I have tried echo $row[$db_field]; (does not work)
I have tried echo $row['db_field']; (indicating a string using ' does not work / if I understand right)
I have tried echo $row['userName']; (this string works)
I can however check with isset() which I do not understand how to do. Other posts with my error description do not seem to match what I'm trying to achieve.
Please can someone explain to me why echo $row[] does not recognise '$db_field' as a string and what is needed to fix it. Hopefully this will help other beginners too.
I'm using PHP5.3 and cannot check any server ini's as I'm using a domain and webserver company for my script. (Another Undefined Index (this one's defined though))
function checkInField($value,$db_connection,$db_con_table, $db_field)

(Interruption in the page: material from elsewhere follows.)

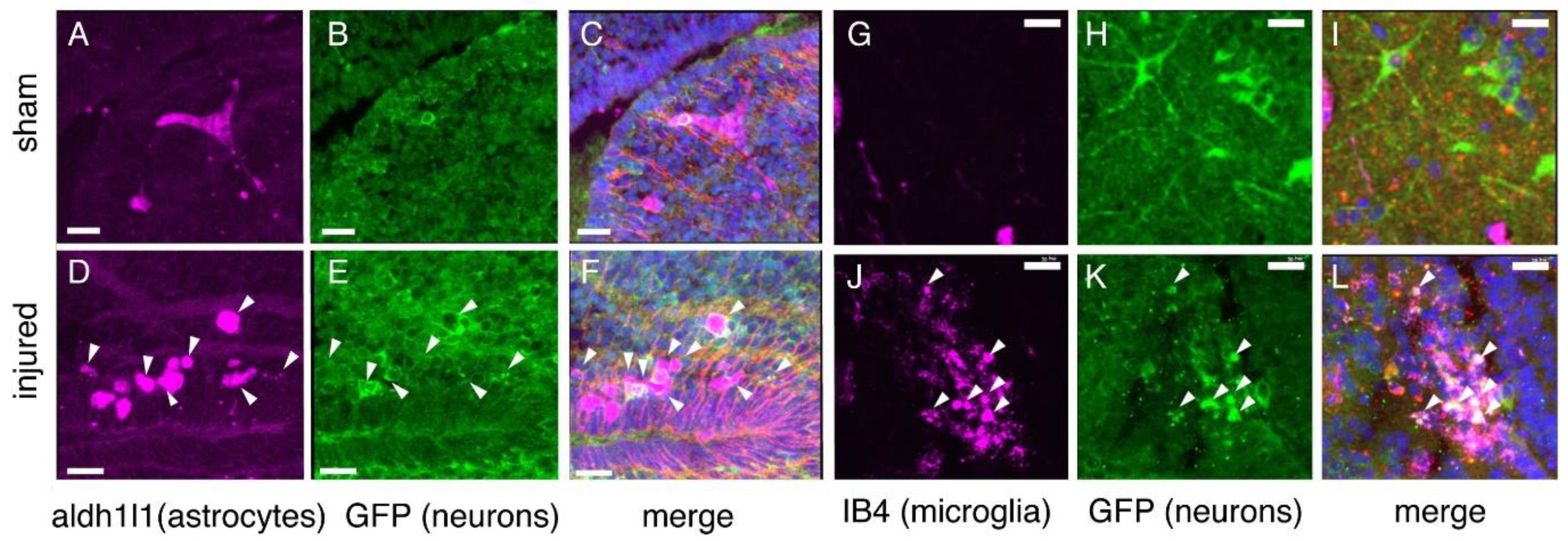 Figure 5. Evidence of phagocytic astrocytes and microglia following injury. Injured midbrains 24 h post-injury include both astrocytes (DâF) and microglia (JâL) that are positive for N-tubulin-GFP (white arrowheads), as well as for aldh1l1 (astrocytes) or IB4 (microglia); merged fluorescent signal appears white. Magenta (AâF), aldh1l1; Magenta 9 (GâL), IB4; Green, N-Tubulin-GFP; Blue, DAPI. Sham brains (AâC,GâI) contain no more than a few such cells. scale bars, 20 µm. |
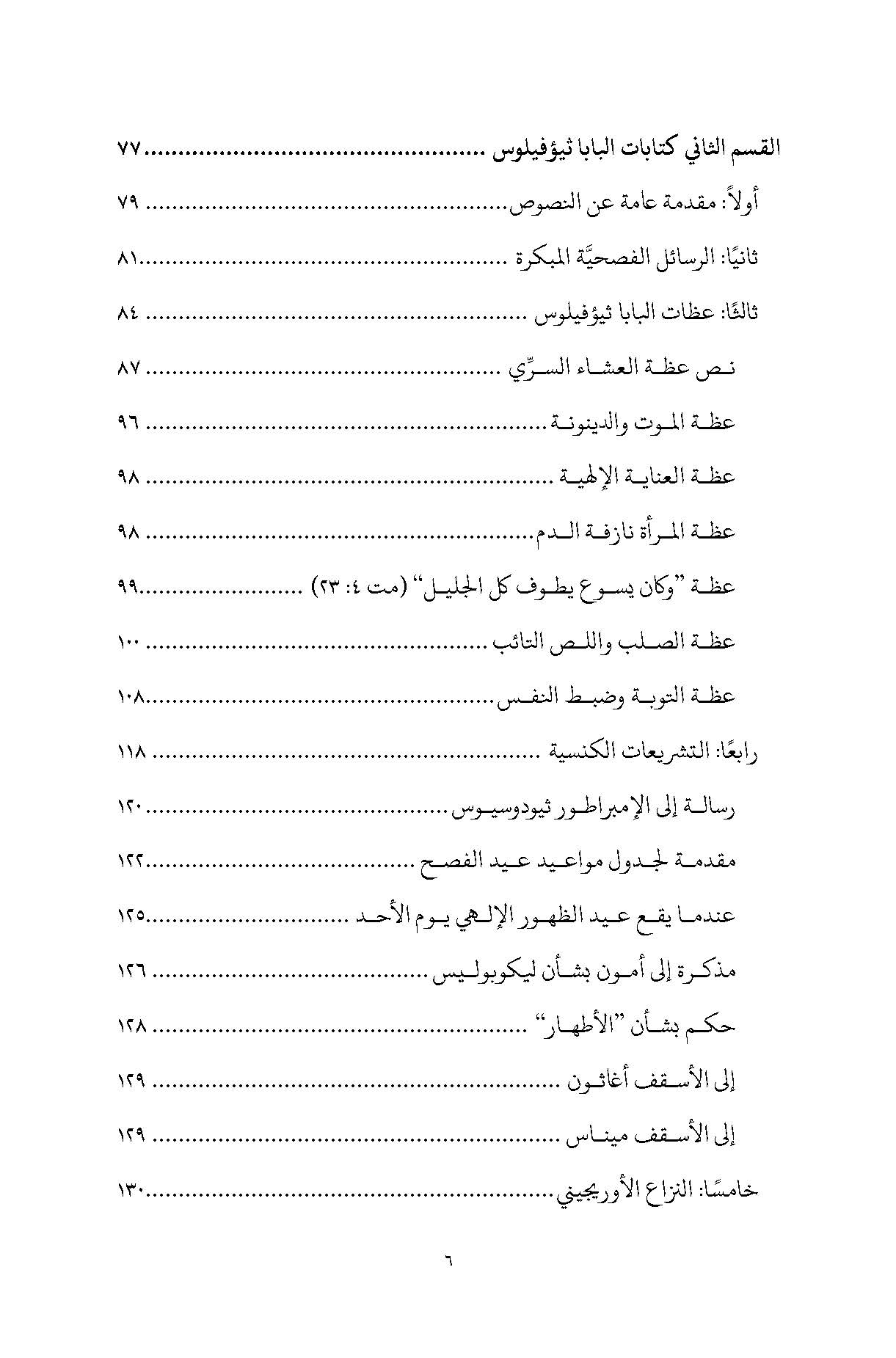 كما يتناول القسم الثاني كتابات البابا ثيؤفيلس، بما في ذلك عظاته اللاهوتية والروحية، ورسائله الفصحية، ونصوصه المجمعية التي تُبرز حسُه الرعوي وفكره العقائدي. إن هذا الكتاب لا يقدّم مجرّد سردٍ تاريخيّ، بل يفتح أمام القارئ نافذة على حقبة مفصليّة أسهمت في تشكيل اللاهوت السكندري.

// Checks a value is not within a database field
{
$query = "SELECT $db_field FROM $db_con_table WHERE $db_field='$value'";
$result = $db_connection->query($query) or die($mysqli->error());
// GOING THROUGH THE DATA
if($result->num_rows > 0)
{
while($row = $result->fetch_assoc())
{
echo $row['$db_field'];
}
}
else
{
echo 'NO RESULTS';
}
The warning (aka Notice) about Undefined index: $db_field should indicate that you're trying to perform an array-index (like Map.get() in Java) with the string $db_field. (When you typed in '$db_field', you expected it to evaluate to be userName, but it isn't.)
This is because in PHP, single-quoted strings are different than double-quoted strings. (PHP Docs)
So, instead of this:
echo $row['$db_field']; // indexing with the literal string $db_field
... use:
echo $row[$db_field]; // if $db_field is numeric, acts like List.get(int); if $db_field is a string, acts like Map.get(Object)
or
echo $row["$db_field"]; // indexing with the string-representation of the variable named $db_field
About forward-declaring variables: One of your method parameters is named $db_field, so it's perfectly safe to refer to the variable of that name inside your method (but not outside it). I think you assumed the Undefined... had to do with the variable itself, but that is not the case.